# Golden Goddess Honey says hello from Wisconsin!



## goldengoddesshoney (Aug 5, 2014)

Keeping bees in a cold climate can be quite a challenge. I'm excited to talk to other beekeepers about their experiences.


----------



## RogerCrum (Jun 19, 2011)

Welcome to the site. You are right about bees in our WI winters but they are tougher than you think. The big sressor comes from viruses vectored by varroa mites. Keep the mites numbers low starting about now and they can raise a healthy population of long lived winter bees. Cold itself does not kill bees. There are a large number of good beekeepers here to help out.


----------



## goldengoddesshoney (Aug 5, 2014)

Thanks, Roger.

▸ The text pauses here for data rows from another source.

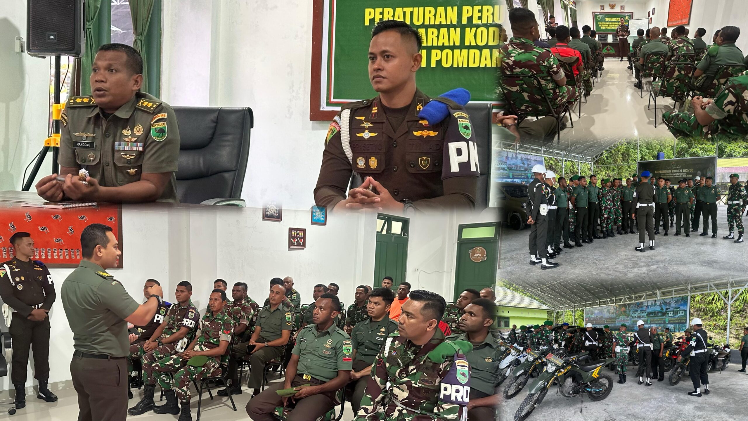 Demi meningkatkan pemahaman dan kesadaran hukum di kalangan prajurit TNI AD. Prajurit Korem 182/JO mengikuti Kegiatan Sosialisasi peraturan perundang-undangan dari Dansubdenpom XVIII/1-2 Fakfak di Aula Korem 182/JO, di Distrik Fakfak Barat, pada hari Kamis, (24/4/2025).
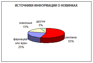 Кроме того, был проведен опрос среди врачей и фармацевтов, которых мы рассматривали как продавцов (источники информации). Этому опросу было подвергнуто 20 человек. Им были заданы вопросы в устной форме.
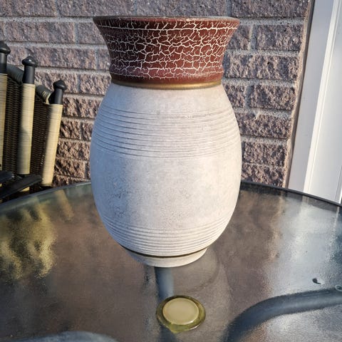 Måler ca. 40 cm I højden og 30 cm I diameter på bredeste stykke.
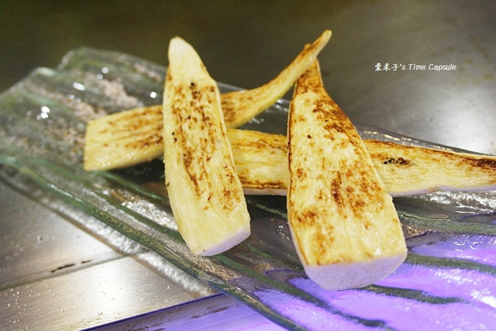 老闆招待了我們一盤香煎筊白筍,
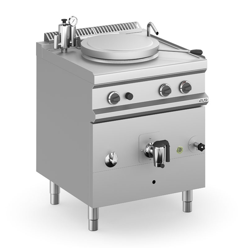 La marmite est réalisée en acier inox AISI 304, avec un fond en AISI 316 pour une meilleure résistance à la corrosion. Le couvercle en acier inox AISI 304 permet d'éviter les pertes de vapeur et de chaleur (disponible comme accessoire le couvercle double isolant) Robinets d'eau froide et chaude avec col de cygne sur le dessus. Chauffage indirect par vapeur basse pression produite par l'eau dans la cavité intermédiaire. La vapeur basse pression chauffe uniformément la surface du récipient. Afficheur de niveau d'eau creux situé sur le panneau avant. Plan de travail en acier inoxydable AISI 18/10 épaisseur 1 mm. Excellent alignement avec joints de liaison.
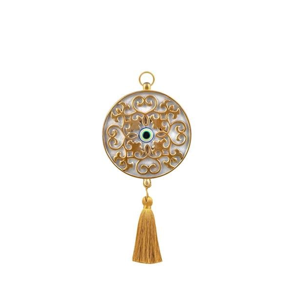 Emayra Single Evil Eye Beaded Wall Decoration Cream Gold | Floral Pattern
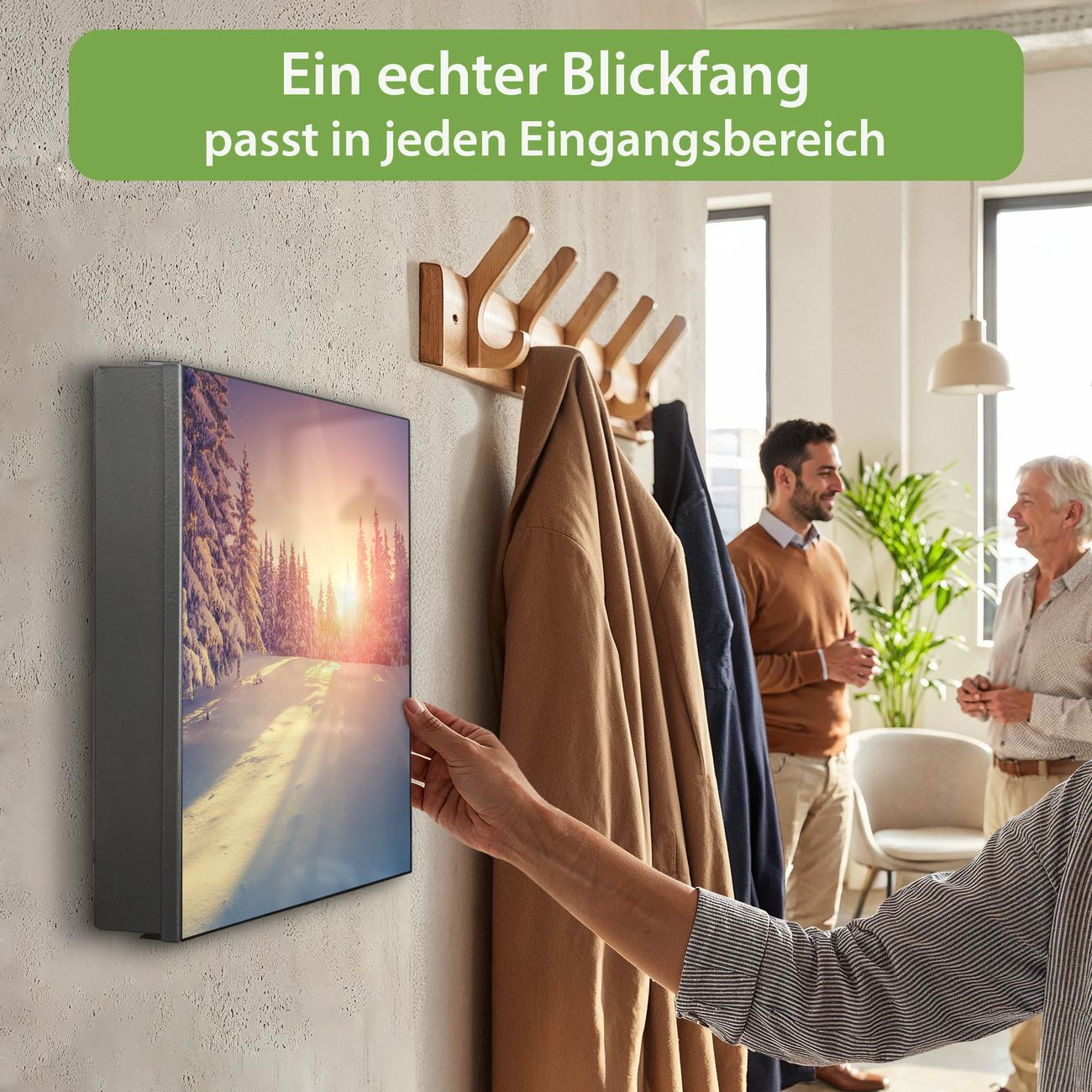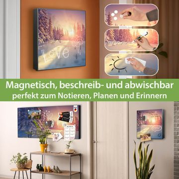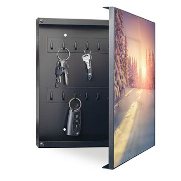 Bringe Ordnung und Eleganz in deinen Eingangsbereich mit dem banjado Schlüsselkasten Motiv Motiv Winterabend. Die moderne Schlüsselbox kombiniert funktionales Design mit hochwertiger Verarbeitung und wird so zu einem echten Hingucker in Flur, Büro oder Ferienwohnung. ✅ Stilvolle Schlüsselaufbewahrung mit Motiv Motiv Winterabend Der Design-Schlüsselkasten Motiv Motiv Winterabend bietet Platz für bis zu 32 Schlüssel, die auf 4 stabilen Reihen mit je 8 Haken übersichtlich verstaut werden. Mit seinen kompakten Maßen von 30 x 30 x 5 cm passt die Schlüsselbox perfekt auch in kleinere Räume. Der schwarz lackierte Stahlkorpus mit rechts angeschlagenem Türscharnier harmoniert mit gedruckten Folie auf der Front und fügt sich nahtlos in jedes Wohnambiente ein. Ob als Schlüsselorganizer für Zuhause oder als praktische Lösung für Büros, Praxen und Gewerbe, der banjado Schlüsselkasten sorgt für Ordnung und Übersicht. Dank der magnetischen, mit Kreidestiften beschreibbaren Folie auf der Front kannst du Notizen anheften oder Termine direkt auf der Oberfläche festhalten. Die Schlüsselbox Motiv Motiv Winterabend zur Wandmontage wird inklusive Befestigungsmaterial geliefert und ist schnell angebracht. So hast du deine Schlüssel jederzeit griffbereit und zugleich stilvoll verstaut. Mit diesem banjado Schlüsselkasten Motiv Motiv Winterabend kombinierst du praktische Aufbewahrung mit stilvollem Wohndesign. Ob privat oder geschäftlich, die Schlüsselbox sorgt für mehr Ordnung, Übersicht und ein wohnliches Ambiente.Vorteile im Überblick

I'm wondering if Nosema is also coming in to play. I had heavy losses last year, so this year I am really looking at everything I do with a microscope. No, really, I bought a microscope. I want to be able to check myself for Nosema spores. I'm also treating more aggressively for varroa. Like you say, they are killers. I was trying to not use so many chemicals and treatments on my hives, and I think that approach is not working. So far this year, I have not seen any mites. 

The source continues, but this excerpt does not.